━━━ Material provided
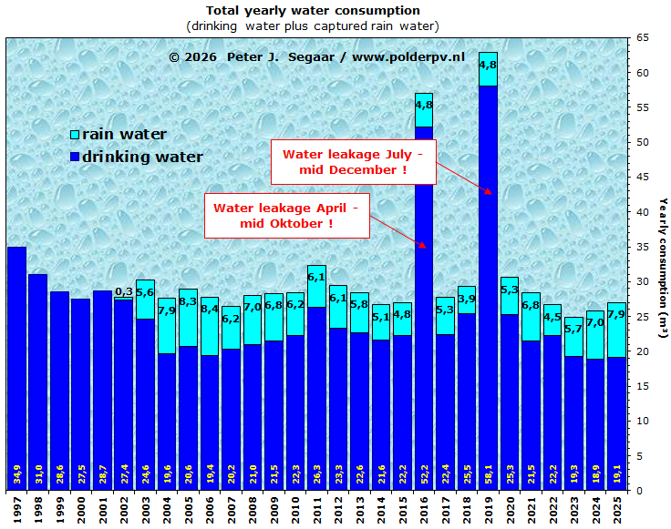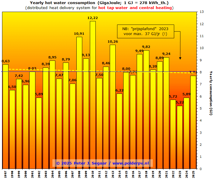 De cumulatieve jaarproducties van de drie hoogst (2003, 2022 en, inmiddels compleet, 2025), en 2 slechtst presterende jaargangen (2024, 2023) zijn rechtsboven naast de Y-as weergegeven, om een indruk van de spreiding te geven.
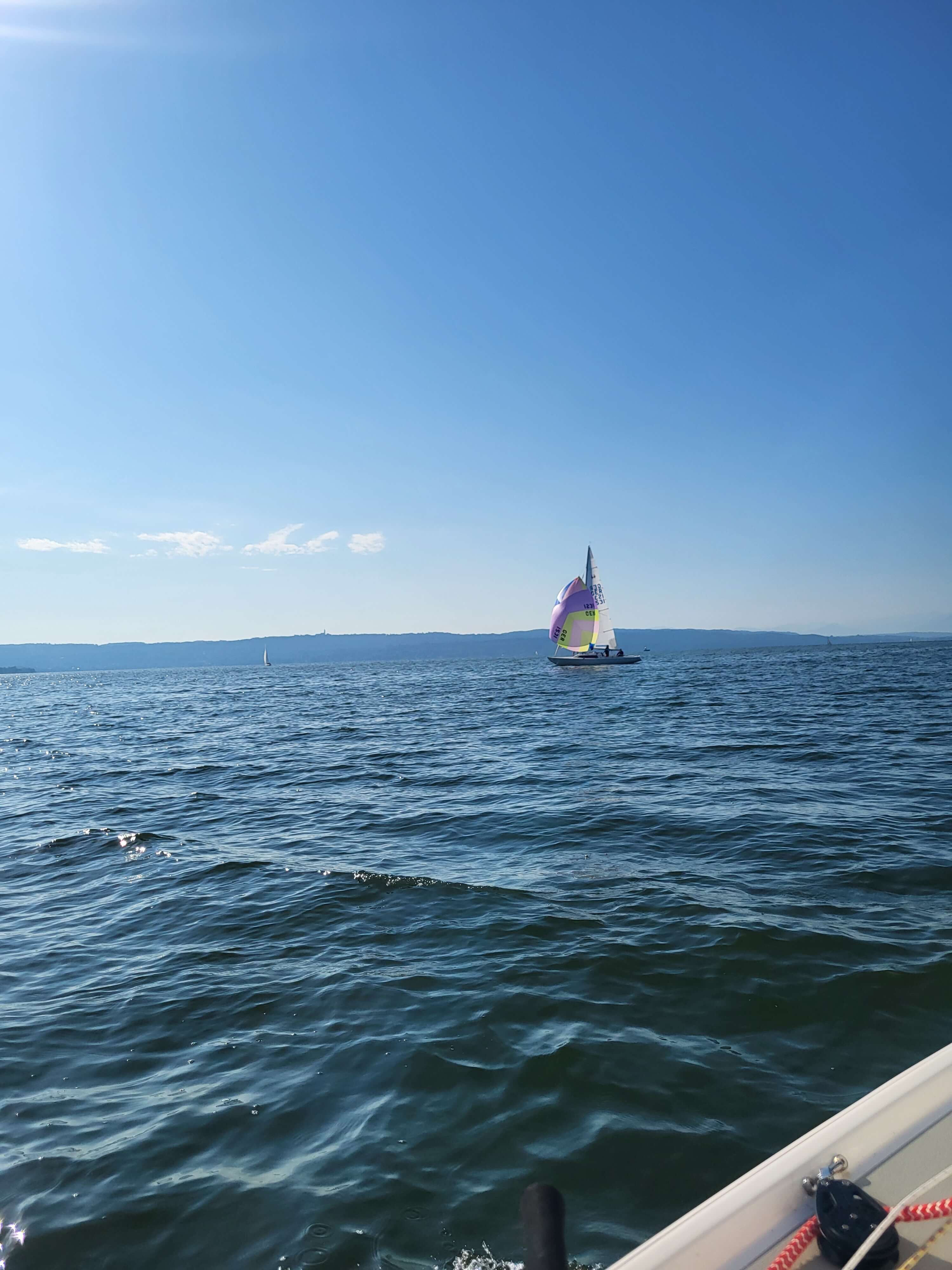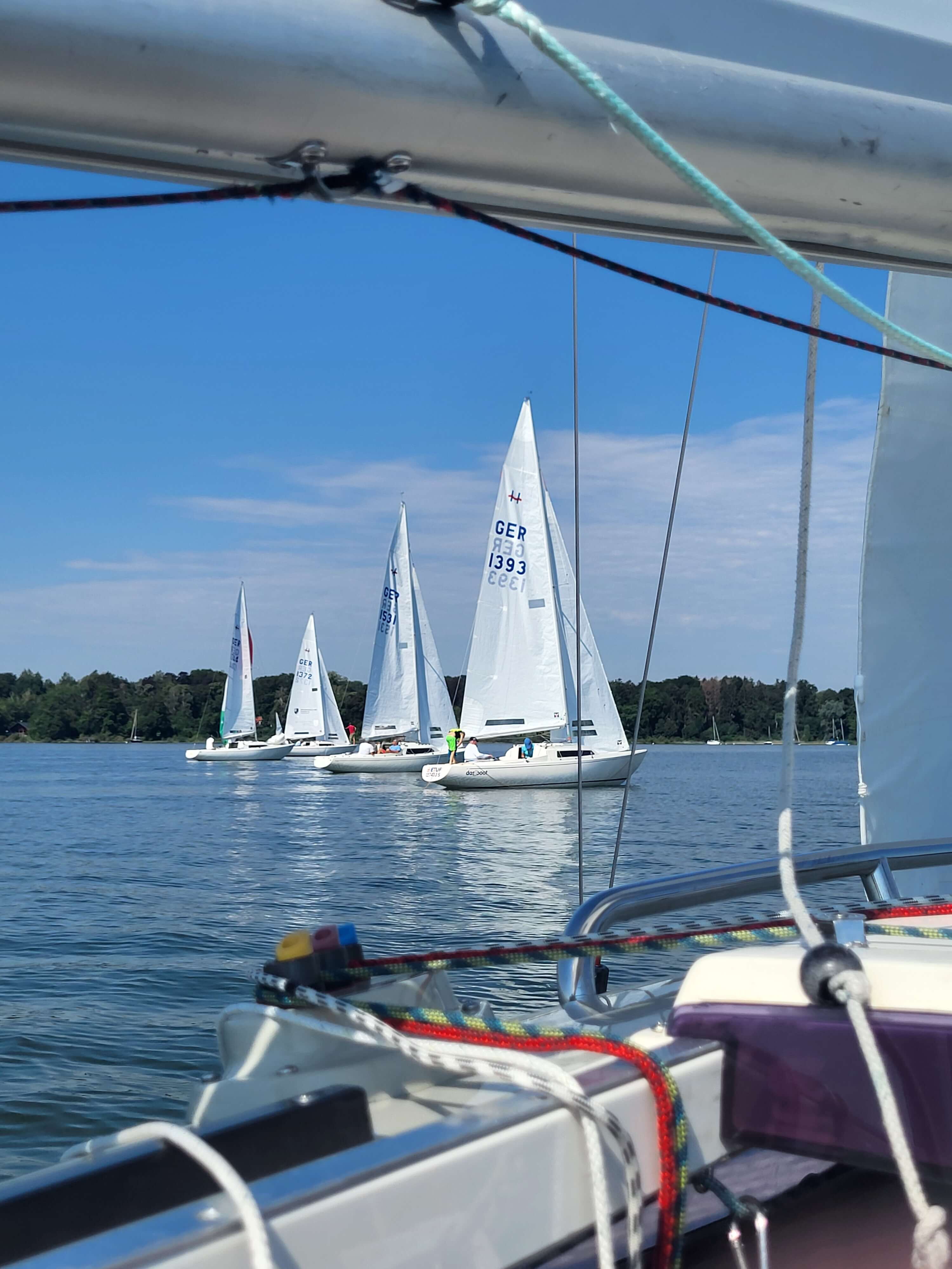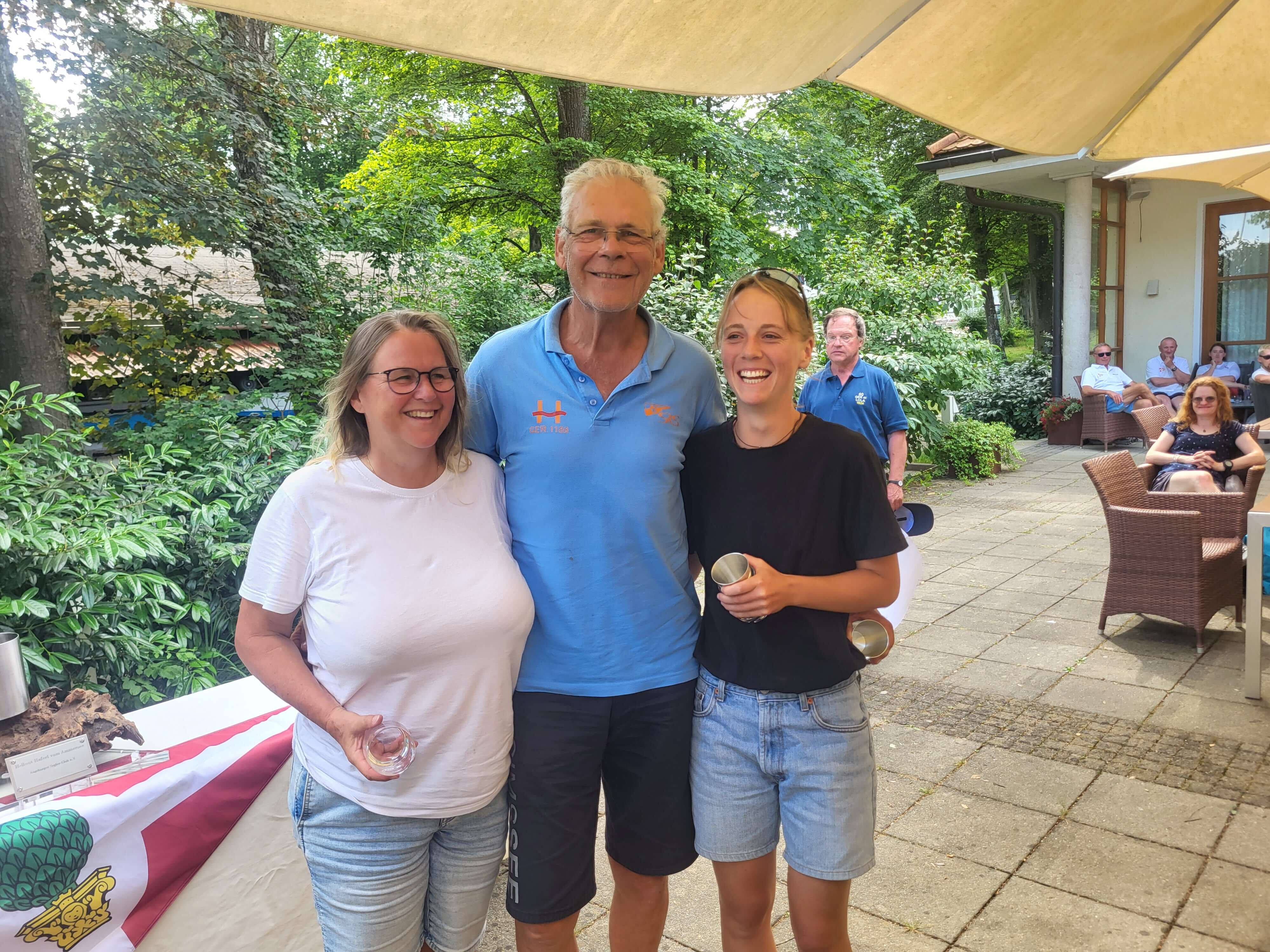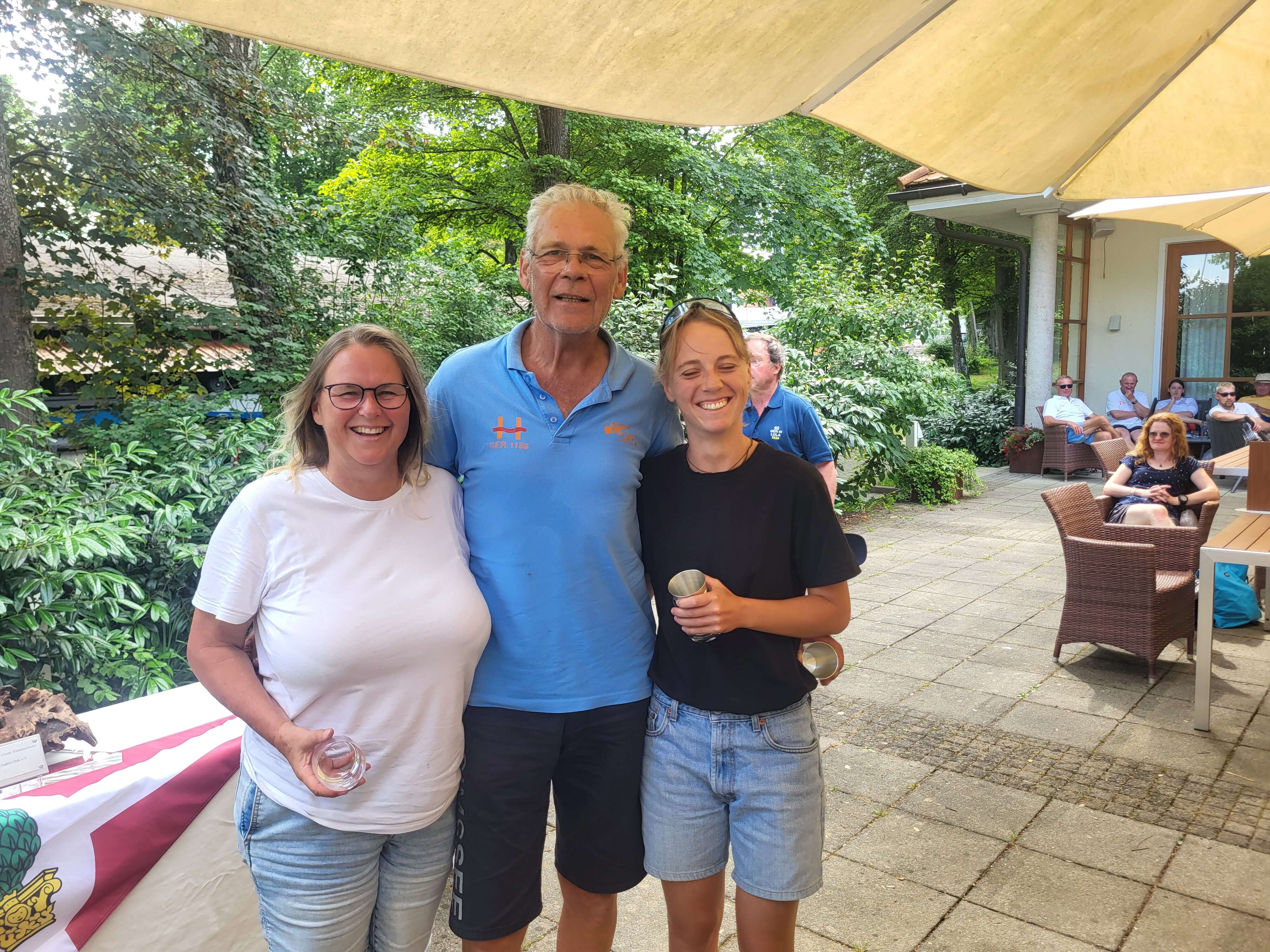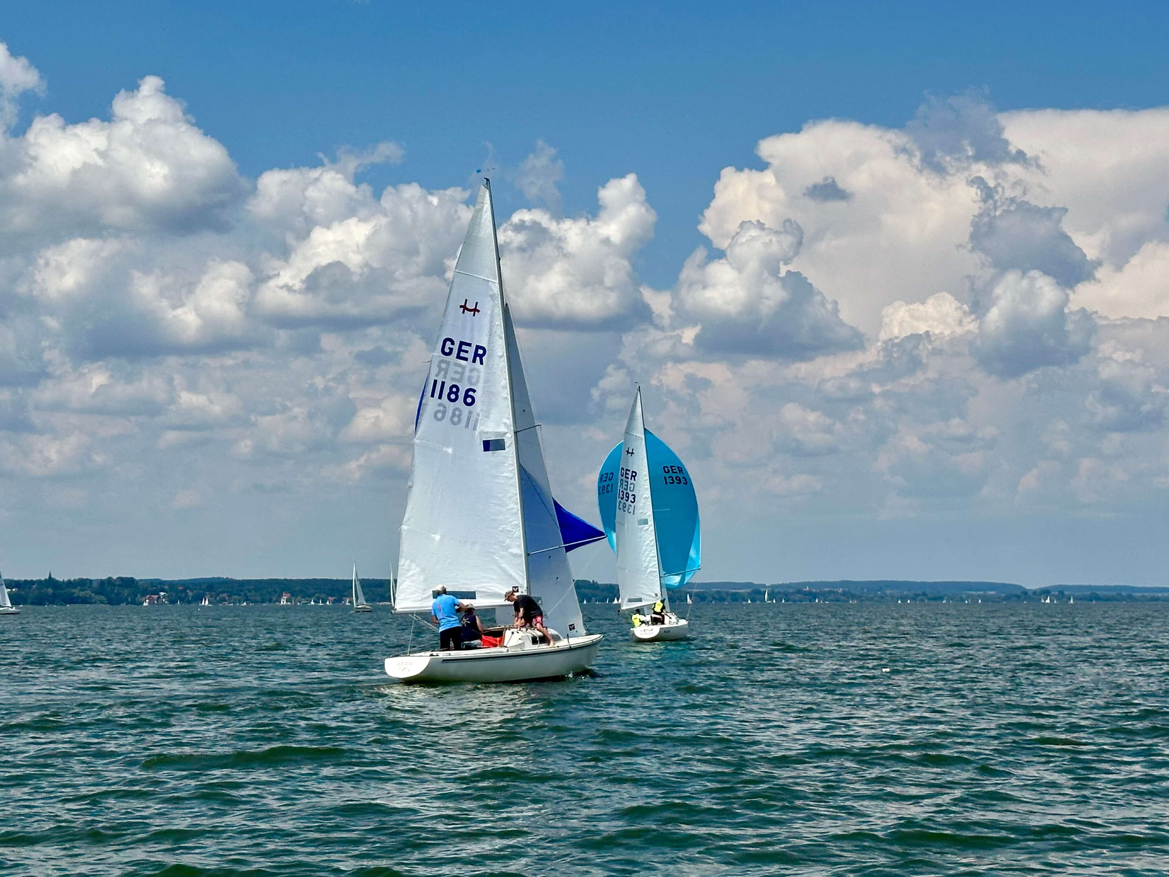 Dann ging es schnell aufs Wasser der Südwind stand noch. In der ersten Wettfahrt bei leichtem Wind, belegte die Titelverteidiger-Crew um Gerd Diederich von Simssee und Bodensee den Dritten. Zweiter wurde der Dießener Peter Teschemacher. Christoph Zander aus Essen gewann mit dem achtjährigen Flynn Barie und dessen Mutter Isabell an der Vorschot.
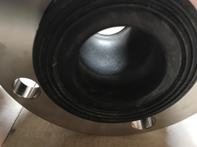 橡膠接頭內孔模具采用耐老化橡膠制成,一般使用壽命100次左右,DN300以上的使用壽命只有50次左右,DN500以上只有20次左右,這種橡膠氣膽模具都有壽命,如小口徑橡膠氣膽可以使用100次左右,當使用到80次的時候橡膠氣膽表面就會出現龜裂現象,橡膠氣膽龜裂紋路會印到橡膠接頭內徑,這種現象都是橡膠在硫化過程中產生的氣膽表面烙印,后面再生產的20個橡膠接頭內徑就會出現這種紋路,這種紋路并不會脫落,也不會造成質量問題,更不會影響到使用壽命。
━━━━━━
Work required:
None of the pictures should appear, though every line of the data above must be reproduced exactly.

Answer space:
 De cumulatieve jaarproducties van de drie hoogst (2003, 2022 en, inmiddels compleet, 2025), en 2 slechtst presterende jaargangen (2024, 2023) zijn rechtsboven naast de Y-as weergegeven, om een indruk van de spreiding te geven.
 Dann ging es schnell aufs Wasser der Südwind stand noch. In der ersten Wettfahrt bei leichtem Wind, belegte die Titelverteidiger-Crew um Gerd Diederich von Simssee und Bodensee den Dritten. Zweiter wurde der Dießener Peter Teschemacher. Christoph Zander aus Essen gewann mit dem achtjährigen Flynn Barie und dessen Mutter Isabell an der Vorschot.
 橡膠接頭內孔模具采用耐老化橡膠制成,一般使用壽命100次左右,DN300以上的使用壽命只有50次左右,DN500以上只有20次左右,這種橡膠氣膽模具都有壽命,如小口徑橡膠氣膽可以使用100次左右,當使用到80次的時候橡膠氣膽表面就會出現龜裂現象,橡膠氣膽龜裂紋路會印到橡膠接頭內徑,這種現象都是橡膠在硫化過程中產生的氣膽表面烙印,后面再生產的20個橡膠接頭內徑就會出現這種紋路,這種紋路并不會脫落,也不會造成質量問題,更不會影響到使用壽命。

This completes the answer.